Potential projects are already sprouting. Woods Hole is only one organization that needs greater symmetrical capacity to do its work. Upon hearing of the project, a radiologist who wants to live year-round on the Cape expressed his delight. He can work from anywhere provided he can upload an download large files very quickly to his home computer. Until OpenCape, he had no prospect for leaving the Boston area.
Another example is a Condo association that wants to aggregate its residents’ Internet services by getting a fiber optic connection into the development and using it to provide wireless throughout the complex. Similarly, the University of Massachusetts Dartmouth could use spectrum it owns to provide wireless with fiber backhaul in its neighborhood.

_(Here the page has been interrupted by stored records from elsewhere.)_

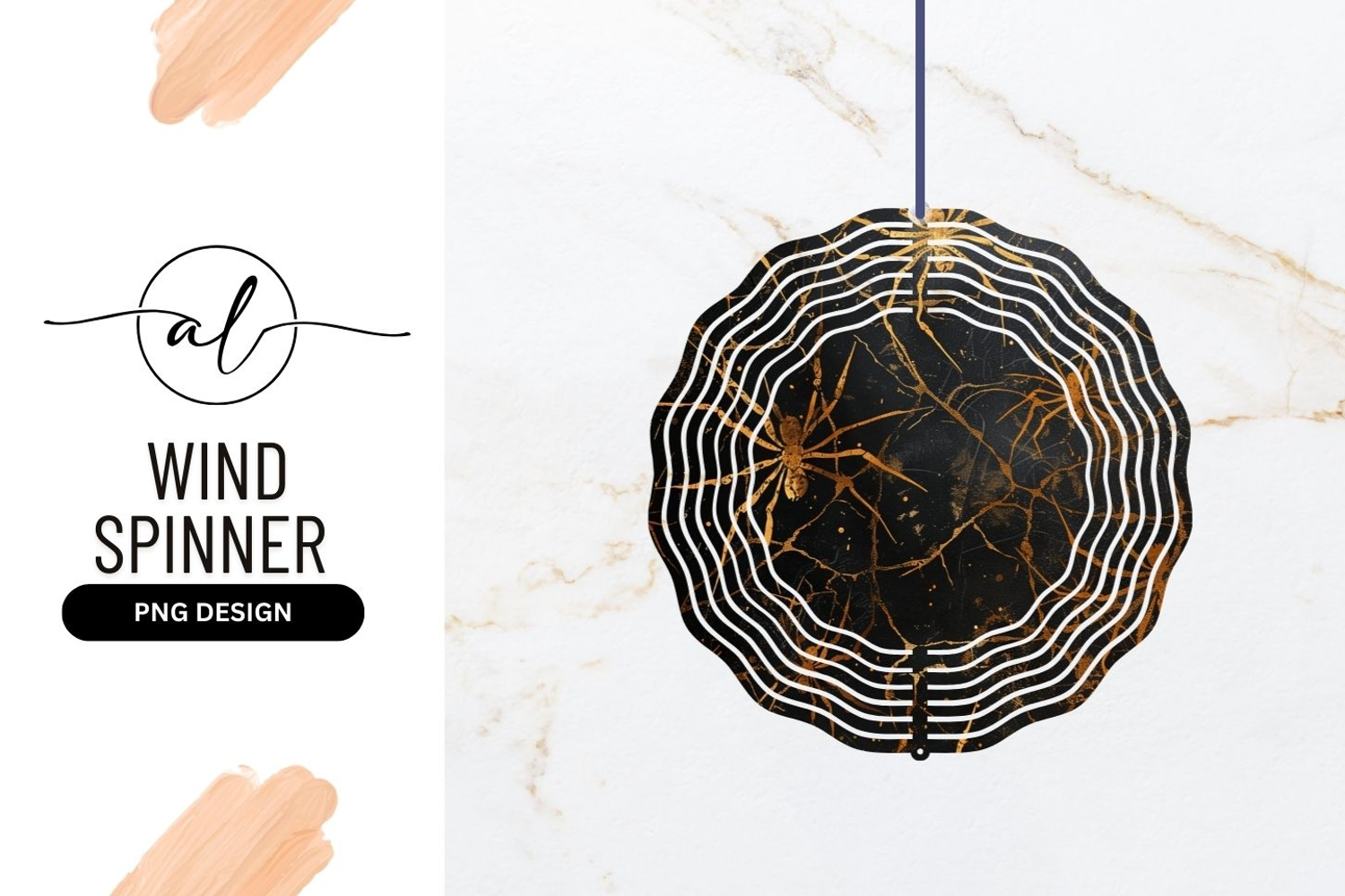 Golden spider web round wind spinner png design example image 1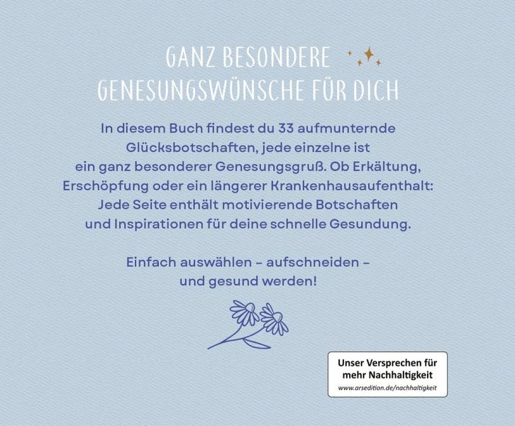 Du möchtest einem lieben Menschen gute Besserung wünschen? Dieses originelle Buch mit Seiten zum Aufschneiden ist ein ganz besonderer Genesungsgruß. Auf jeder seiner 33 Aufschneideseiten hält es eine aufmunternde Glücksbotschaft bereit. Ob Erkältung, Erschöpfung oder ein längerer Krankenhausaufenthalt: Jede Seite enthält motivierende Botschaften und Inspirationen für eine schnelle Gesundung.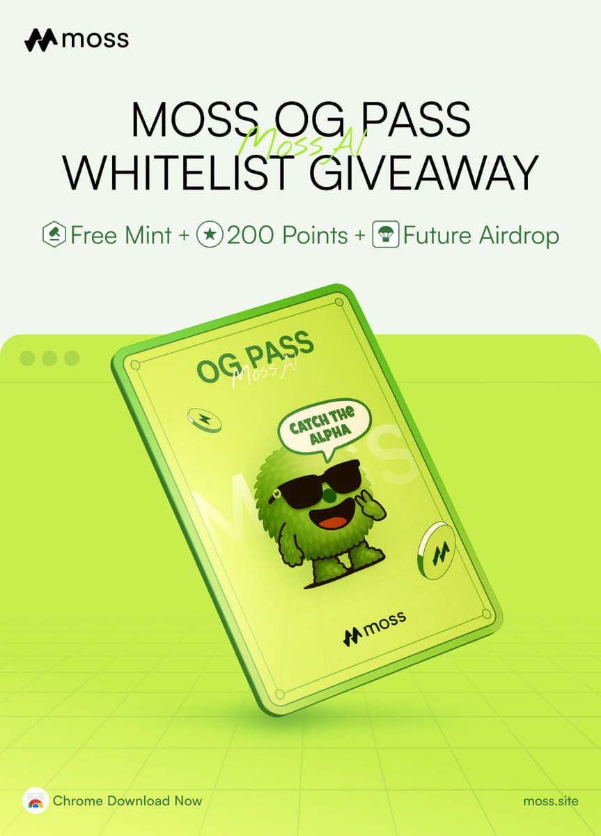 Moss 是一个AI驱动的Alpha聚合平台,本身就在帮用户过滤噪音、捕捉信号、节省时间。而这次OG Pass,更像是它在链上建立的第一层智能共识:你不是个旁观者,而是生态的一部分。Pass的价值其实不只是那200积分、空投资格、专属社群,而是你在AI × Crypto 这个新叙事中,有了一个可验证的身份凭证。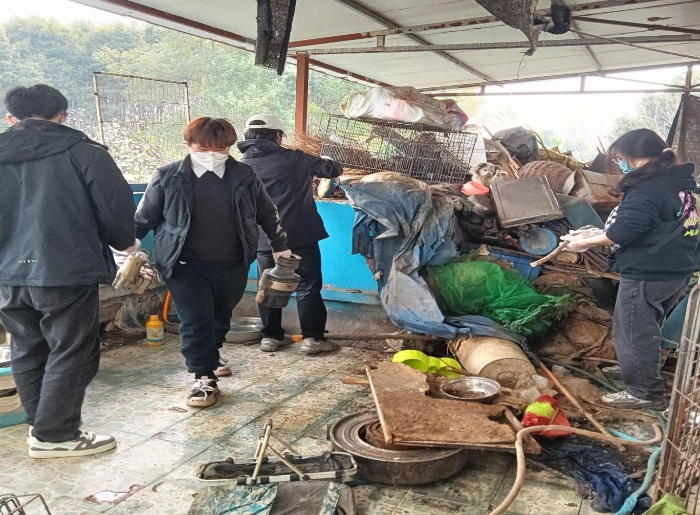 3月8日下午,动医202204团支部成员分成四个小组前往启明动保中心。到达后,三个小组负责在基地周边清除杂草、捡拾垃圾,另一组在工作人员的指导下为启明动保收容的近三千只流浪犬猫准备食物。除草工作结束后,四个小组进入基地内部,协助彭女士分类整理物资,处理过期或多余的用品及废弃生锈的铁制品。经过数小时的努力,志愿者们合力清理出一大片可用空间。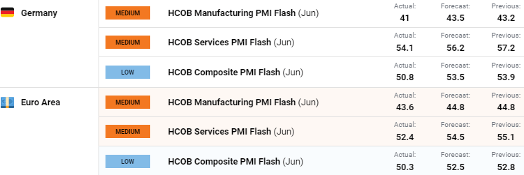 German and eurozone PMI’s significantly missed estimates (see economic calendar below) with the manufacturing sectors moving further into contractionary territory. French PMI’s released earlier showed a similar trend, heightening an economic slowdown within the region. Services data although weaker, has managed to buoy the overall EZ economy somewhat.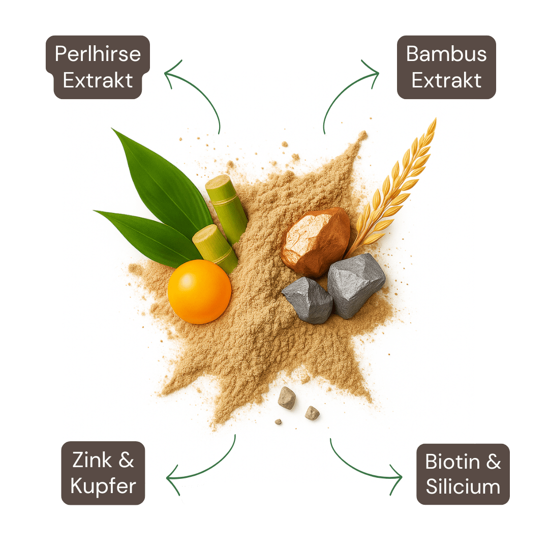 ✔️ Perl millet extract provides valuable minerals and amino acids and is traditionally known for its supportive effect on hair structure and nail growth.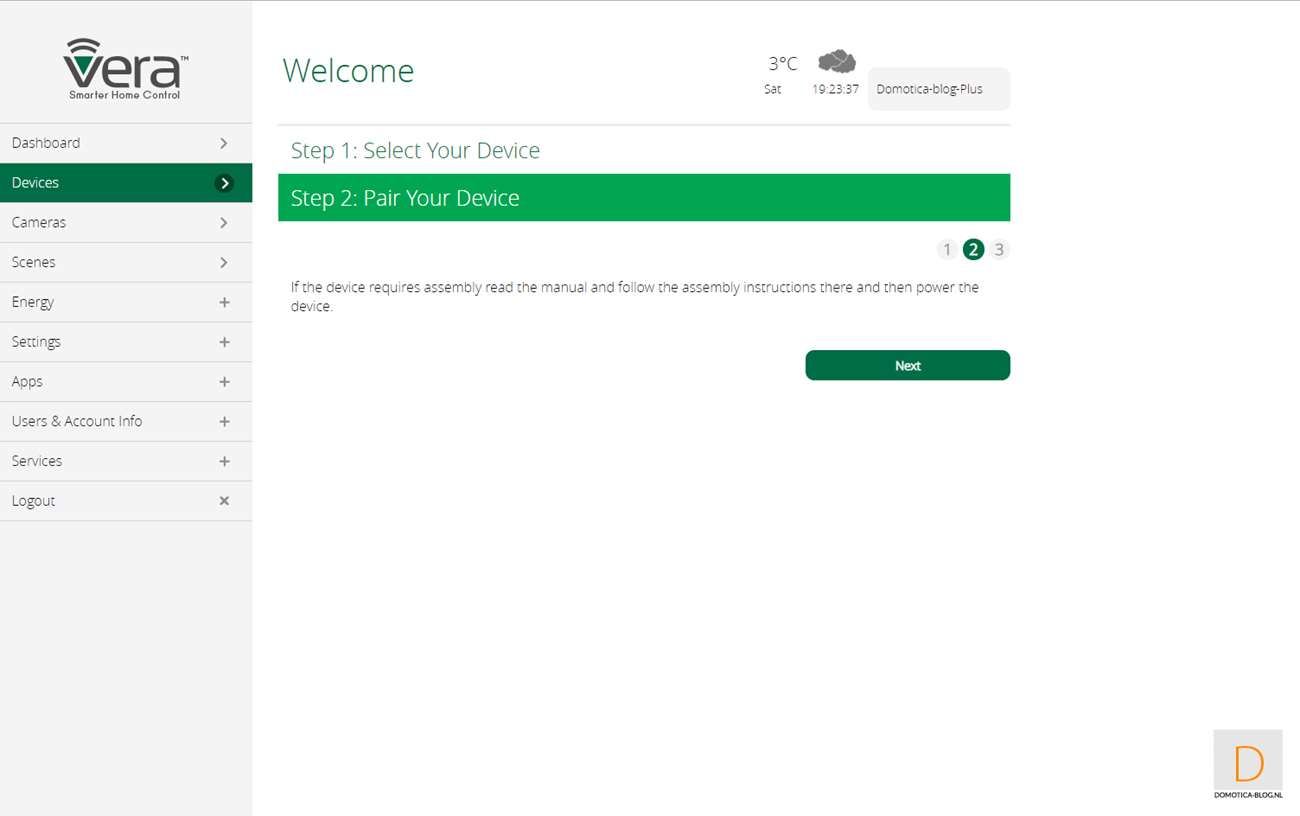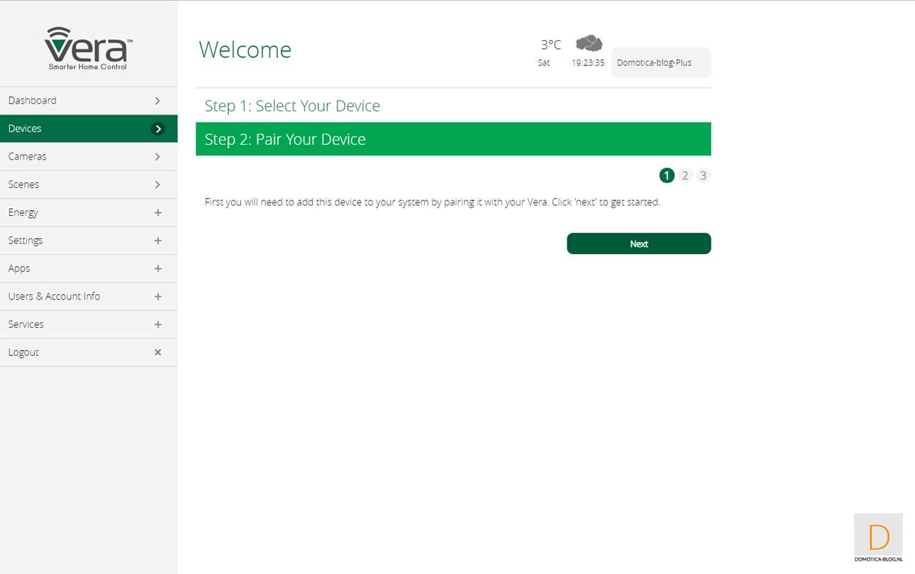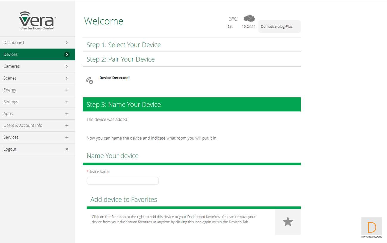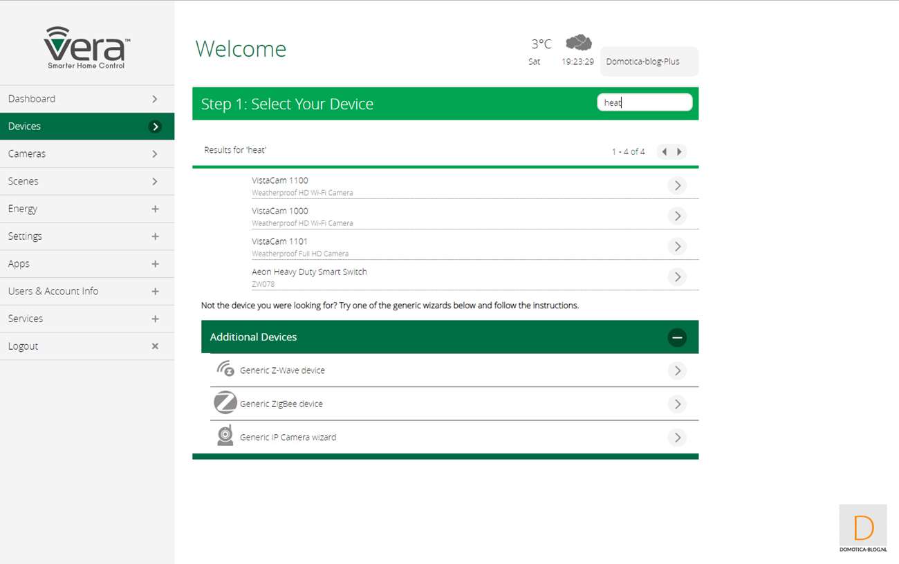 Het toevoegen van deze button kun je starten door in te loggen op de Vera en naar de devices te gaan. Vervolgens klik ik op "add device" en zoek ik de Heatit op. Helaas zie ik hem niet in het lijstje staan, dus probeer ik hem toe te voegen als generic sensor. Na het 3 seconden lang te gelijk indrukken, van beide knoppen, zie ik hem helaas niet goed verschijnen bij mijn apparaten. Ik moet dus tot de conclusie komen dat deze knop niet goed werkt met de Vera.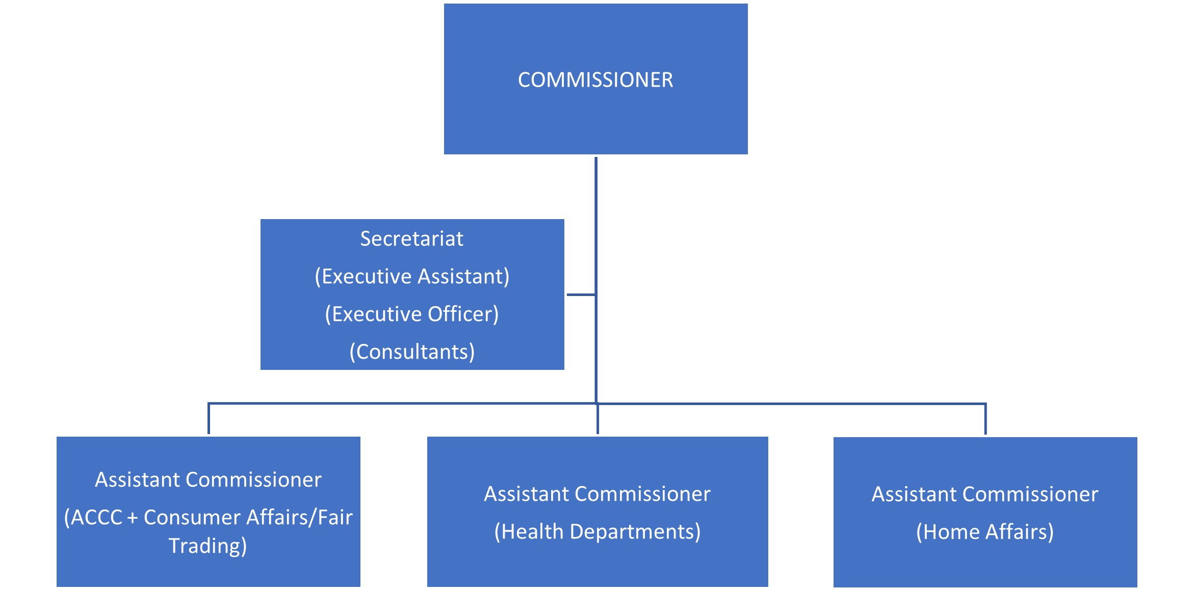 The E-cigarettes Commissioner would meet periodically (say, monthly) with one or more of the Assistant Commissioners to ensure a co-operative enforcement approach is being followed by relevant regulatory bodies and report (say, quarterly) to the Health Ministers’ Meeting, Consumer Affairs Forum, and the relevant Minister for Home Affairs.

There are other opportunities to make services available to lower-income households, perhaps from the community colleges.
Sandwich Economic Initiative Corp. plans to promote the network to businesses that would otherwise consider the community too remote. “Co-offices”, for people who work remotely but would like to work in an office setting, are also a possibility. While they may not add to the tax base in the same way as a new business, they make the work-day community more populous and vibrant.
Gallager says it is important that people understand, “OpenCape is an infrastructure, it’s not a panacea of cures, it’s not the applications that people may use day in and day out.” Using the metaphor of road networks, OpenCape is the main road connecting towns, not a side road connecting residences. Each anchor institution will have different ways of using the network and can learn from the others.